Looking through an old Ring magazine just after Monzon had retired.,John Ort [Bought] ,wrote an article asking who would be the next middleweight champion. Among the names featured were Mike Colbert no1. ! David Love no5.! Leo Saenz no10.! Looking at their records up to that time I have ask WTF had any of them done to be top ten ranked? This was the time of the infamous American Championships promoted by Don King. It seems some of the Ring staff were already holding out their hands for green backs to be pressed into them.
Boxing was a much more regional sport back then — if you were the best middleweight on the West Coast, as David Love was, you were considered worthy of consideration of a ranking. Same as being the best in the UK, etc. Love was around this time running through the highly-regarded Philadelphia middleweights — beating Willie Monroe and soon to beat Bennie Briscoe and Boogaloo Watts, so I think the writer’s assessment of him as contender material is pretty solid. (Consider that in this same time frame, a rising Marvin Hagler had lost to Watts and Monroe, whatever the fairness of one of those decisions, and hadn’t come into his own yet.) Saenz was less proven but had two losses — one, avenged, to journeyman Mike Baker and another fairly competitive decision to Emile Griffith. He was probably considered a rising prospect, although by 1978 he had been weeded out. Curious to see who you think should have been cited based on what we knew in late 1976.
I have the December 1977 issue of Boxing Illustrated. They ranked the top 50 in each division. What's interesting is Hugo Corro would be World Middleweight champ by April 1978 ... and in the December issue of Boxing Illustrated they had Corro ranked 33rd in the world at middleweight. (Side note: They also listed Leon Spinks as the #50 heavyweight in their December 1977 issue. He'd be World Champ by February 1978.) So, not a lot of the "unbiased" ratings folks were on the Corro and Spinks bandwagons as they entered 1978.
In that issue, Boxing Illustrated have David Love #10, Mike Colbert #11 and Leo Saenz wasn't in the top 50. The top 10 was 1. Rodrigo Valdes 2. Marvin Hagler 3. Ronnie Harris 4. Gratien Tonna 5. Alan Minter 6. Loucif Hamani 7. Bennie Briscoe 8. Eckhard Dagge 9. Maurice Hope 10. David Love (They ranked middleweights and junior middleweights together.
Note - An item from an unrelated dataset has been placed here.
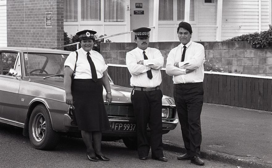 This image was taken as part a feature that ran in the Manawatu Evening Standard on January 17 1987 about the work of Māori Wardens in Marton. According to the story that accompanied the photographs, Māori Wardens were instituted in 1937 and by 1987 there were 2300 working voluntarily throughout in New Zealand under the jurisdiction of the Māori Wardens' Association. Before receiving their badges and warrants, trainee wardens underwent an 18 month probationary period, taking training from senior wardens and the district wardens' associations.
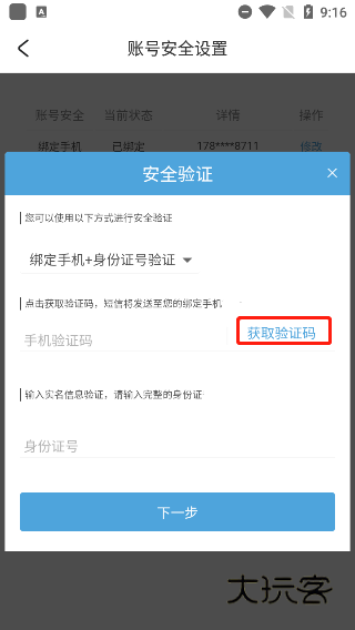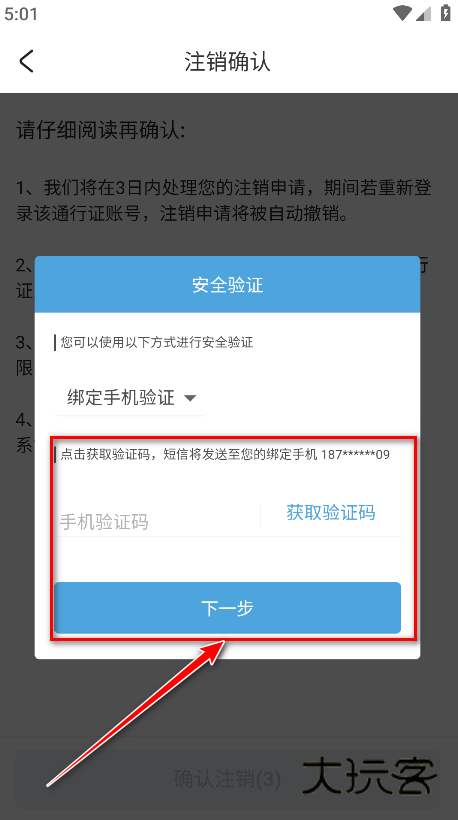 7.输入手机验证码,点击下一步。

So the ratings must be from August 1, 1977, before Dagge lost to Mattioli.)
Interesting but I'm referring specifically to the Ring's ratings. B I's are certainly more realistic there imo.
People lament today’s boxers avoiding tough competition to protect their zeroes. But if a guy has some losses … he shouldn’t be ranked? I don’t see how losing by KO is different than losing by decision. A loss is a loss.
Being kod 7 times in39 fights once by a super light weight indicates chin issues to me.You think a ko loss is equal to a decision loss? Twelve losses in 39 fights isnt," some losses ,"its nearly a third. Love lost by 1 rd ko to Vicente Medina,13-27-4 By decision to Alfonso Gonzalez 6-5-0 & 3-2-0 John Dunn Were they tough competition? Saenz v Griffith score cards 44-46,45-48,41-49.Griffith was 37 years old.
I know you guys are bringing up Love's career losses and questioning why he was in the top 10. But remember - and I don't need to tell you guys this - ratings are not based on career record, but most recent results. And Love was experiencing a fantastic mid-career period where it all came together. His wins over Tat-Tap Makathini, Willie Monroe, Bobby Watts and Bad News Wallace were phenomenal at the time, which shot him right up the ratings. Now, I was as surprised as everybody when he KO'd Monroe, but then I watched the televised Bobby Watts fight, which was part of Don King's ABC tourney. And I was stunned. One would think Watts was a southpaw the way Love was catching him with a straight right, but Bobby was right-handed and getting caught with Love's sucker punch. That career resurgence may have been brief, but Love earned his rating the hard way.
Kelvin Seabrooks lost 22 times, 11 by KO. Guess he never should have gotten a chance. And yes, a loss is a loss. Losing decisions and getting KO’d show up in the same column.
Seabrooks lost 9 of those fights AFTER he got his title shot, which was only an alphabet strap anyway, so that's a silly remark.It makes as much logical sense as saying Ezzard Charles has 25 losses, so he shouldn't have gotten a title shot,totally ignoring the fact that 20 of them happened AFTER he won the title. Box Rec also has a separate column for ko losses,which are universally seen as more damning than decision losses. I think you are arguing for the sake of arguing.